Work to be completed ▸ Your response should be an exact transcription of the data, images excluded.

Data section ▸
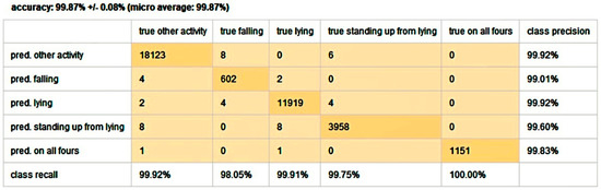 As shown in Figure 7, the use of the k-folds cross-validation approach with the AdaBoost algorithm boosted the performance accuracy of the k-NN-based learning approach considerably. The improved overall performance accuracy of this approach was now 99.87%, with the subclass precision values for the activities of falling, lying, standing up from lying, being on all fours, and other activities being 99.01%, 99.92%, 99.60%, 99.83%, and 99.92%, respectively. The confusion matrix that outlined the performance accuracy of our approach when tested on the second dataset [51] is presented in tabular form in Figure 8. As can be seen from Figure 8, the use of the k-folds cross-validation approach with the AdaBoost algorithm boosted the performance accuracy of the k-NN based learning approach considerably yet again. The improved overall performance accuracy of this approach was now 99.66%, with the subclass precision values for falls and other activities being 100% and 99.42%, respectively.
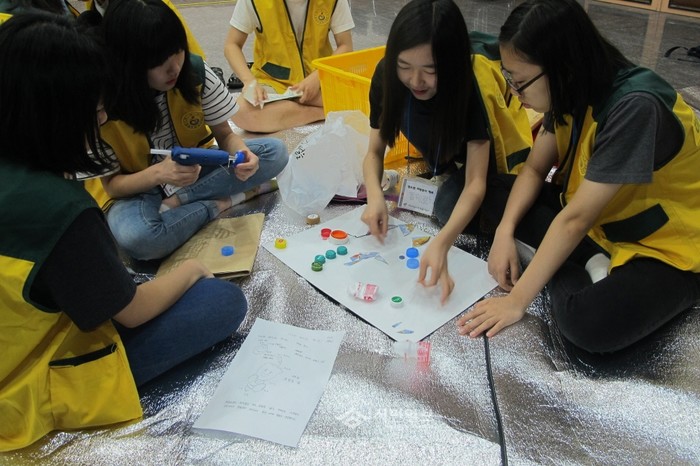 지난달 31일 경기 하남시 자원봉사센터가 지역내 중고생 450여명을 대상으로 자원봉사기초교육과 특별체험으로 구성된 '청소년 자원봉사학교'를 열었다. 사진은 총 3기로 진행된 특별체험 중 진행된 제2기 '정크아트 만들기'에 참여한 청소년들이 쓰레기를 활용한 작품을 만들어보는 모습. (사진제공=하남시청)
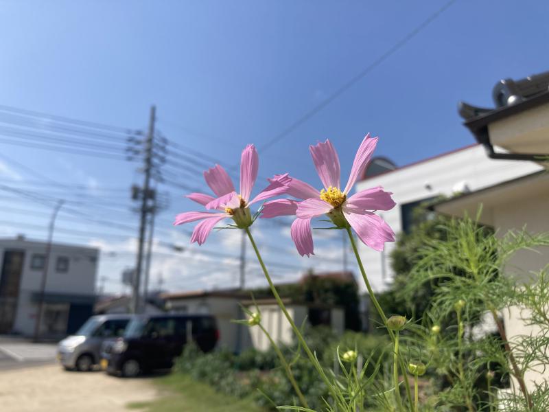 たいへん暑かった夏も終わり、朝夕が涼しくなしました。ももハウスの小さな花壇に、コスモスが咲き始め秋が感じられるようになりました。
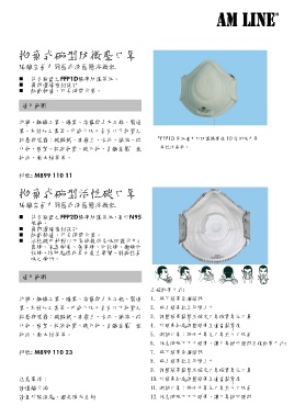 粉塵與煙霧:碳酸鈣、高嶺土、水泥、纖維、硫 3. 調整頭帶鬆緊並確定口罩確實罩住口鼻

Expected answer ▸
 As shown in Figure 7, the use of the k-folds cross-validation approach with the AdaBoost algorithm boosted the performance accuracy of the k-NN-based learning approach considerably. The improved overall performance accuracy of this approach was now 99.87%, with the subclass precision values for the activities of falling, lying, standing up from lying, being on all fours, and other activities being 99.01%, 99.92%, 99.60%, 99.83%, and 99.92%, respectively. The confusion matrix that outlined the performance accuracy of our approach when tested on the second dataset [51] is presented in tabular form in Figure 8. As can be seen from Figure 8, the use of the k-folds cross-validation approach with the AdaBoost algorithm boosted the performance accuracy of the k-NN based learning approach considerably yet again. The improved overall performance accuracy of this approach was now 99.66%, with the subclass precision values for falls and other activities being 100% and 99.42%, respectively.
 지난달 31일 경기 하남시 자원봉사센터가 지역내 중고생 450여명을 대상으로 자원봉사기초교육과 특별체험으로 구성된 '청소년 자원봉사학교'를 열었다. 사진은 총 3기로 진행된 특별체험 중 진행된 제2기 '정크아트 만들기'에 참여한 청소년들이 쓰레기를 활용한 작품을 만들어보는 모습. (사진제공=하남시청)
 たいへん暑かった夏も終わり、朝夕が涼しくなしました。ももハウスの小さな花壇に、コスモスが咲き始め秋が感じられるようになりました。
 粉塵與煙霧:碳酸鈣、高嶺土、水泥、纖維、硫 3. 調整頭帶鬆緊並確定口罩確實罩住口鼻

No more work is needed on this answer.